At Budget Committee Hearing Senator Baldwin Focuses on Importance of Investing in Research, Science and Innovation to Strengthen Wisconsin’s Economy

Washington D.C. -- U.S. Senator Tammy Baldwin, a member of the Senate Budget Committee, participated in today’s Committee hearing on the effects of austerity on the economy, jobs, and long-term growth. The hearing focused on the need to strengthen our economic recovery and create jobs through targeted investments necessary to maintain America’s competitiveness in a global economy while also putting the nation on a long-term sustainable fiscal path. Last week, Baldwin visited the Great Lakes Bioenergy Research Center at the Wisconsin Energy Institute and met with researchers at the University of Wisconsin-Madison. Baldwin discussed with researchers the impact that the sequester is having on research, students and America’s future competitiveness.

“Our country faces twin challenges – stabilizing our debt and deficit without shortchanging our future, and continuing to move our economic recovery forward,” said Baldwin. “While I think this a something that all of us here can agree on, there is a real disagreement over how we tackle these challenges. In my view, I don’t believe this can be an either or proposition – we can’t have all stimulus or all austerity – we need a balanced approach. However, right now we are seeing the effects of sequestration and it is anything but balanced.
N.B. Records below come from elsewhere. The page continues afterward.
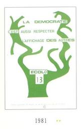 Affiche de couleur blanche avec une écriture verte. Le dessin représente un arbre vert. La référence à l'éditeur responsable a été écrite à la main.
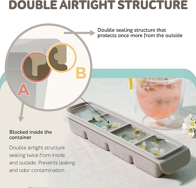 - ✅Double Airtight Sealed - With airtight double sealing, they are completely sealed, so you can make fresh baby food or ice without worrying about the smell of the refrigerator permeating the cubes as they are tightly sealed. Holds the inside and outside of the container tightly together to prevent the ingredients from mixing.
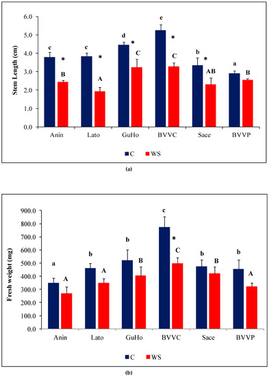 Mean seedling length varied significantly under control conditions, from 2.9 cm (provenance BVVP) to 5.3 cm (provenance BVVC) as can be seen in Figure 3a. One month of drought affected seedlings’ growth, as the stem length of affected plantlets of five provenances showed a significant relative decrease in comparison to their respective controls (Figure 3a). The degree of this decrement, however, was not uniform in the studied provenances, as BVVP seedlings recorded a non-significant decrease of 12% in stem length under drought stress, whereas in the Lato provenance a 50% decrease was observed under similar conditions. In the remaining provenances, the stress-induced reduction of SL was roughly one-third.
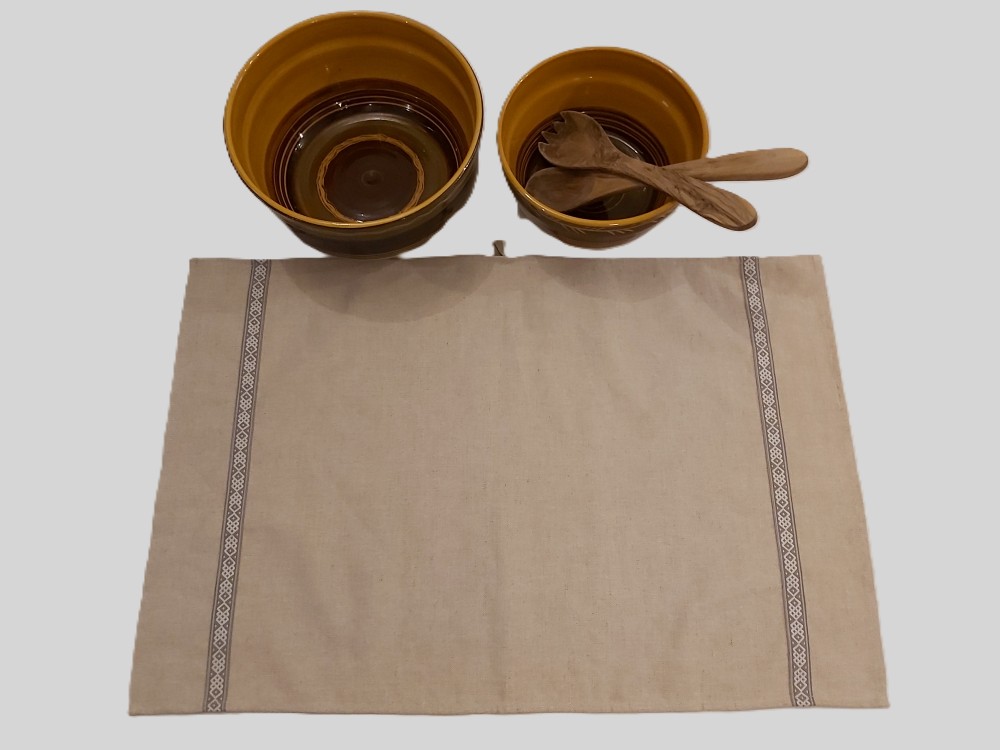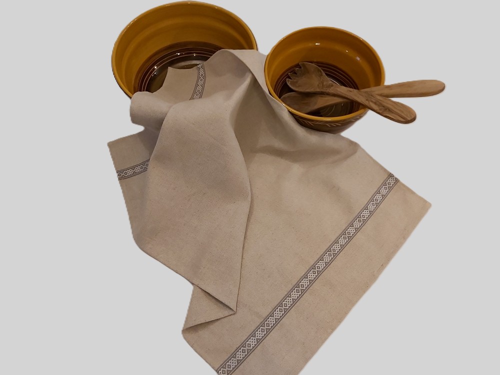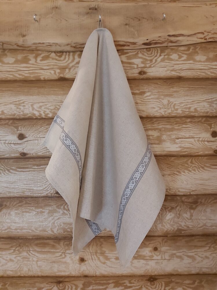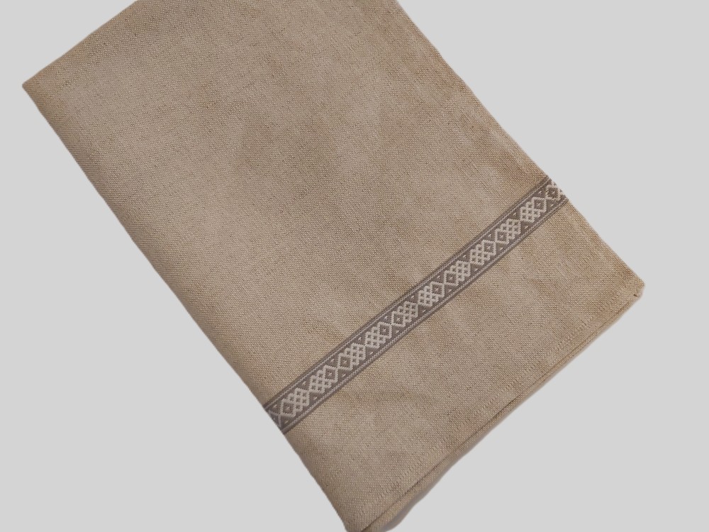 Lina dvielis 45x70cm ar pelēkbaltu 1.5 cm platu tautisku lentu abās sānu malās
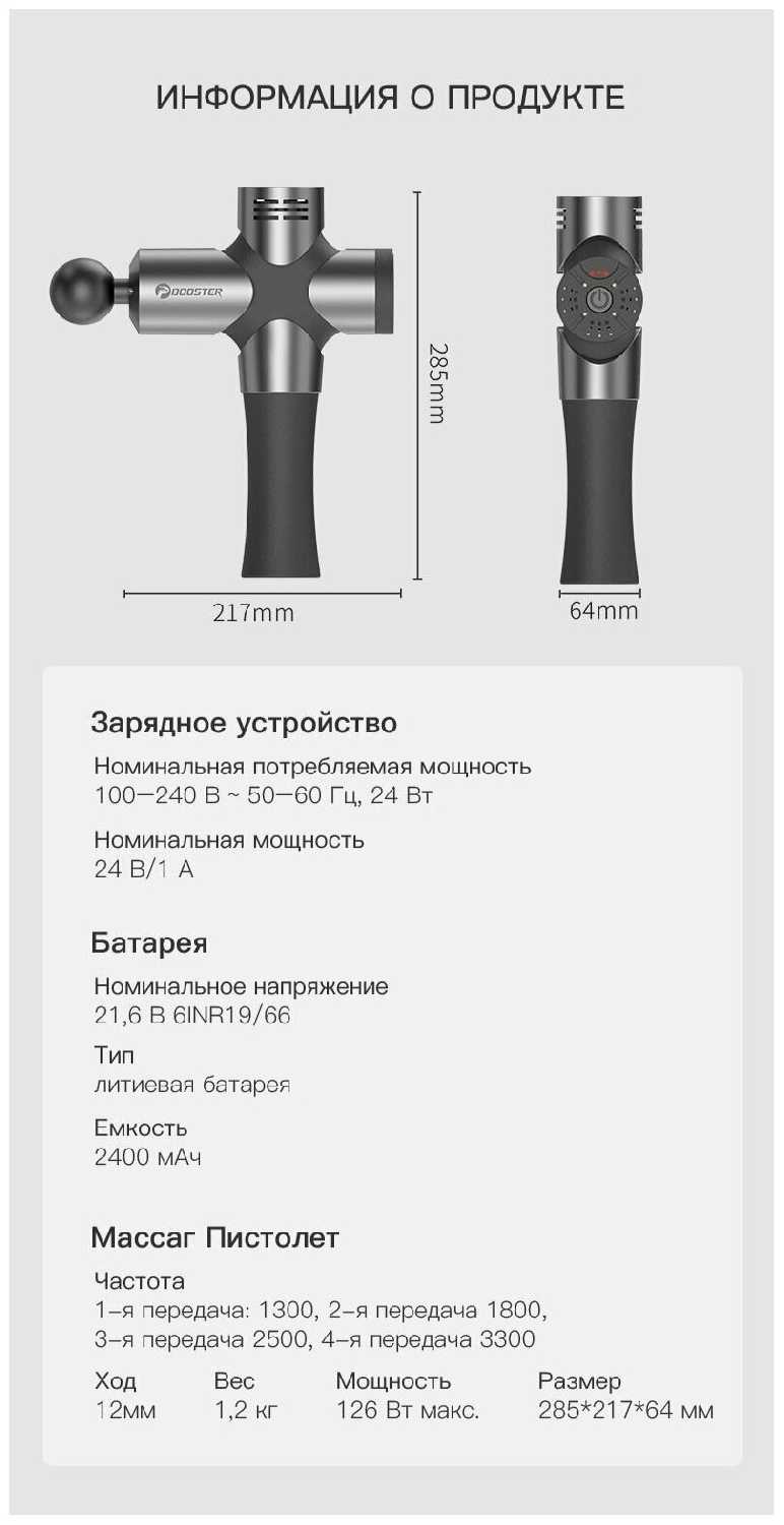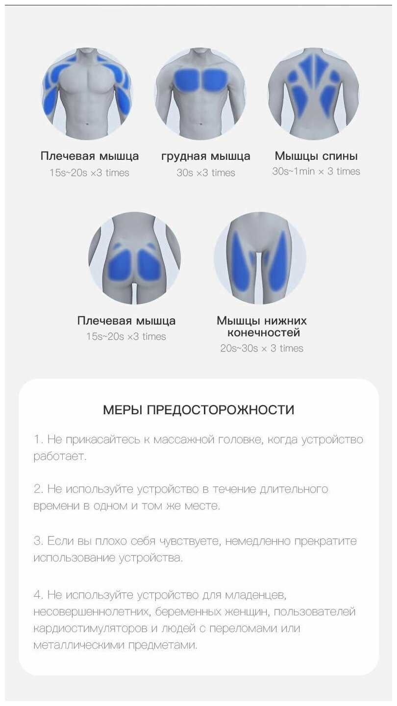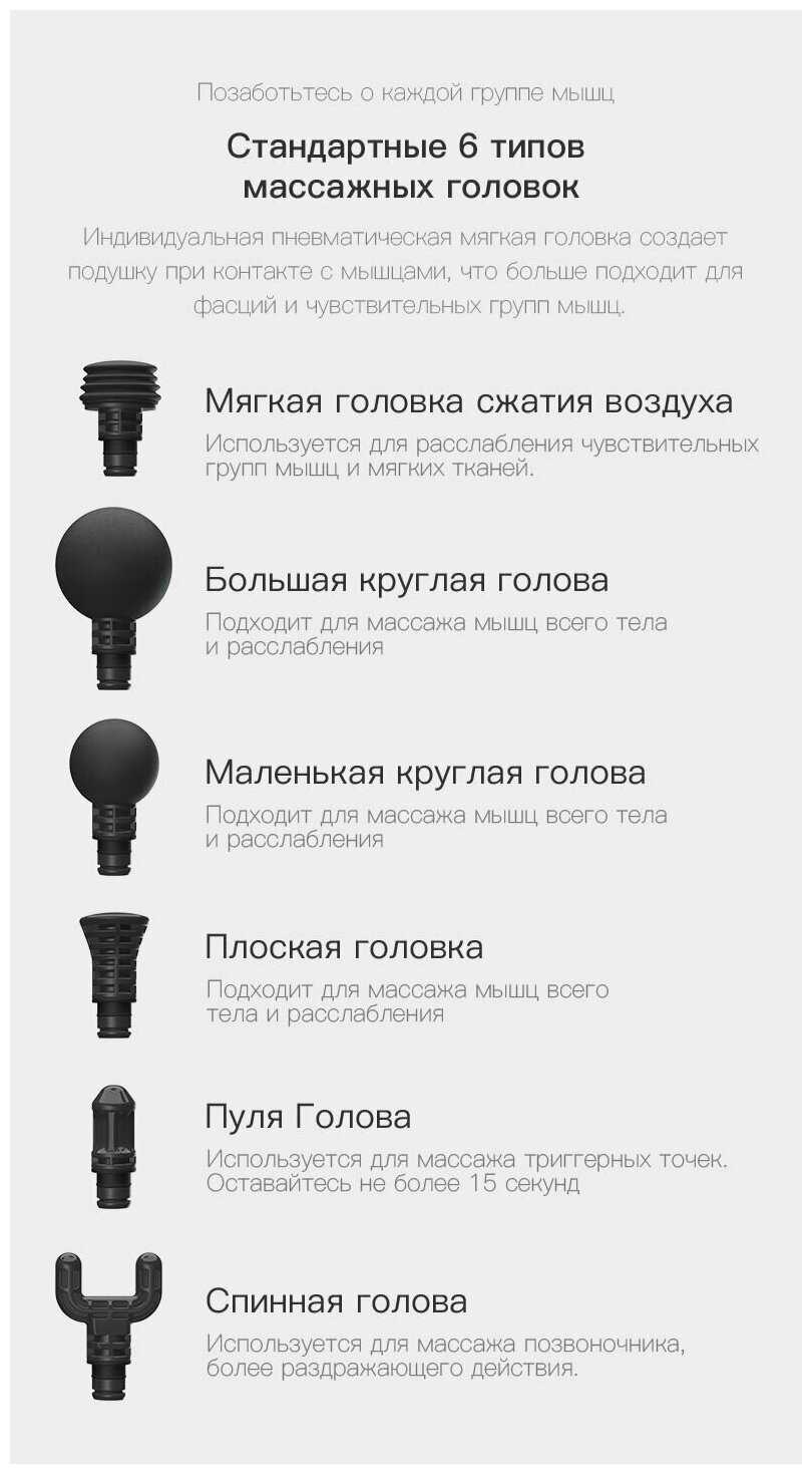 - Нет инструкции по зональному применению насадок, что затрудняет правильный выбор для конкретных мышц.

We are cutting away at the things like education, scientific research and innovation, which have previously provided a strong foundation for future economic growth and global competitiveness.”
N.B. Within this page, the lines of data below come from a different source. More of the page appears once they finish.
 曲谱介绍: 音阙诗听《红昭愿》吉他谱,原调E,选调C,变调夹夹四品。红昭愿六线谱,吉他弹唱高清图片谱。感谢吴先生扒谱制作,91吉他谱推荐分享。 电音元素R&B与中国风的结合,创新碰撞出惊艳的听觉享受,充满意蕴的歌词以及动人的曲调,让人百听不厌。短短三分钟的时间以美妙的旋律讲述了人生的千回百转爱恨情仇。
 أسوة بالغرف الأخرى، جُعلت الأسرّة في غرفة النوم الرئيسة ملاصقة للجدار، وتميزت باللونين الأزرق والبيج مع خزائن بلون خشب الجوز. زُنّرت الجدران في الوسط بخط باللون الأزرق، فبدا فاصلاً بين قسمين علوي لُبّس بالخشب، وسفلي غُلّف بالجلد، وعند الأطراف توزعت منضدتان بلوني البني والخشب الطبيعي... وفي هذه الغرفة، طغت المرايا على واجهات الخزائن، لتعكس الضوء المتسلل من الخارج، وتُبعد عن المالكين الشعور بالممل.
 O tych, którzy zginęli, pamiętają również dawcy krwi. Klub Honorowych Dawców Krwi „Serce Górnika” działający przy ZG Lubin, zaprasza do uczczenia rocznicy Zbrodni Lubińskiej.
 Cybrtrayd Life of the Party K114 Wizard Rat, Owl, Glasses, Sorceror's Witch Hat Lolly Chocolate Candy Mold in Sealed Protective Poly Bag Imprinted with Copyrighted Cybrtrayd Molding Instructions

Audio and video of Senator Baldwin’s hearing statement here.

During her visit to UW-Madison, Baldwin discussed with researchers the impact that the sequester is having on research, students and America’s future competitiveness. The researchers shared their concern for a “missing generation” of scientists due to a decrease of funds and an increase in competition for resources.

“Over the past half century, more than half of the growth in our nation's GDP has been rooted in scientific discoveries. This is the kind of fundamental, mission-driven research that is done at places like the Great Lakes Bioenergy Research Center where I visited this past week. The Center is a Department of Energy funded consortium of over 400 researchers and innovators researching advanced biofuel technologies that will help support an economy built to last. In addition, I had the chance to sit down and talk to researchers from across the university who rely on federal investments, especially research grants from the NIH and NSF. The entire group spoke about their worries about an entire “missing generation” of scientists. They explained that diminishing grant opportunities and intense competition are putting the brakes on innovation at a time when we need to be stepping on the accelerator.”
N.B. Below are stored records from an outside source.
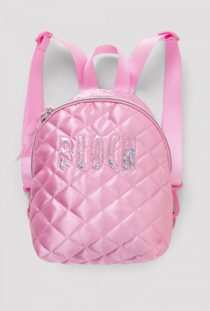 Con asa superior y correas ajustables para los hombros, confeccionada con satén acolchado de felpa, logotipo ‘BLOCH’ en la parte delantera con lentejuelas de estrellas, cierre de doble cremallera con cinta, bolsillos internos
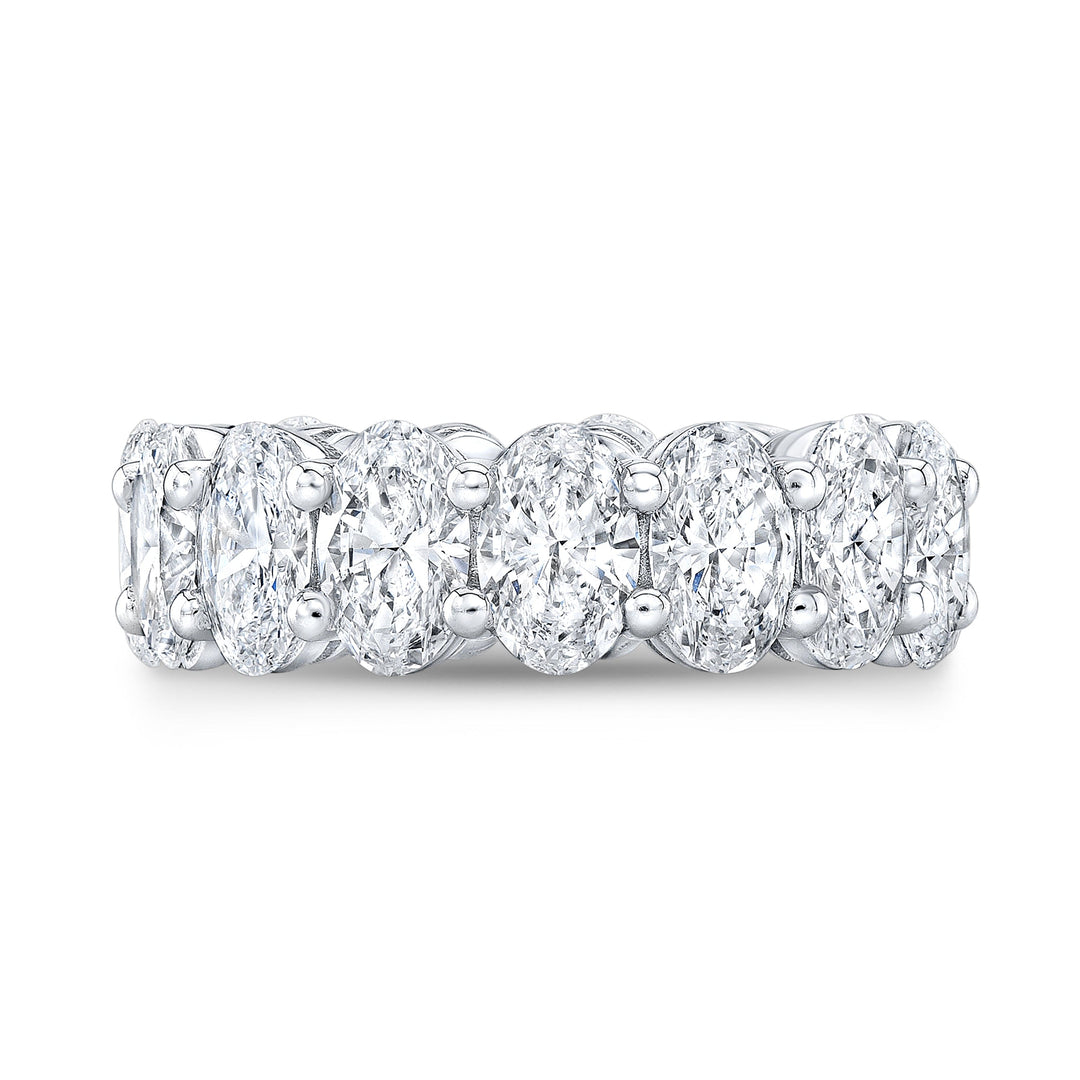 Moissanitele, cu culoare D și claritate VVS, sunt montate continuu pe toată banda inelului, fiecare piatră fiind tăiată cu precizie în stilul oval, pentru a oferi o strălucire deosebită. Argintul placat cu platina conferă inelului o finisare luxoasă și durabilă, menținându-l impecabil de-a lungul timpului.
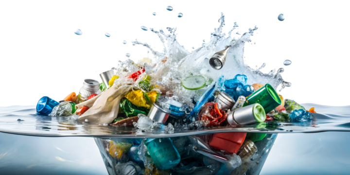 Overflowing bin of plastic waste in water png isolated on transparent background

Majority witnesses at the hearing discussed the need to invest in short-term economic growth—in addition to laying a foundation for long-term, broad-based growth and prosperity. They included former Treasury Secretary and NEC Director Larry Summers, now Charles Eliot Professor at Harvard University, and Simon Johnson, Ronald A Kurtz Professor of Entrepreneurship at MIT Sloan School of Management, a Senior Fellow at the Peterson Institute for International Economics.

Larry Summers testified that further austerity measures are not the right choice for the United States at this time: “First, it would not be desirable to undertake further measures to rapidly reduce deficits in the short run. Excessively rapid fiscal consolidation in an economy that is still constrained by lack of demand, and where space for monetary policy action is limited, risks slowing economic expansion at best and halting recovery at worst.”

He also highlighted the importance of making targeted investments that will lay the foundation for future growth: “It is important to recognize that just as increasing debt burdens future generations, so also does a failure to repair decaying infrastructure, or to invest adequately in funding pensions, or in educating the next generation burdens future generations.”

Simon Johnson agreed that “a sudden move towards further tightening fiscal policy in the U.S. would undermine our economic recovery and has the potential to destabilize financial markets.  We are currently moving in a precipitate manner towards an excessive and inappropriate degree of immediate austerity” and “It is far more important to get the economy back onto a sustainable growth path.”

“Even as the national economy is rebounding, businesses and middle-class families in my state remain stuck in neutral,” said Baldwin. “We can change that, but we must make smart investment in our future and grow a “Made in Wisconsin” economy that’s built to last. We can do that by investing in science, technology, engineering and math studies, institutions of higher education, and regional hubs of collaborative research and development.”

Recently, Baldwin gave her first Senate floor speechand highlighted the work at the GLBRC and her commitment to investing in research, science, and innovation in order to build a “Made in Wisconsin” economy and create jobs.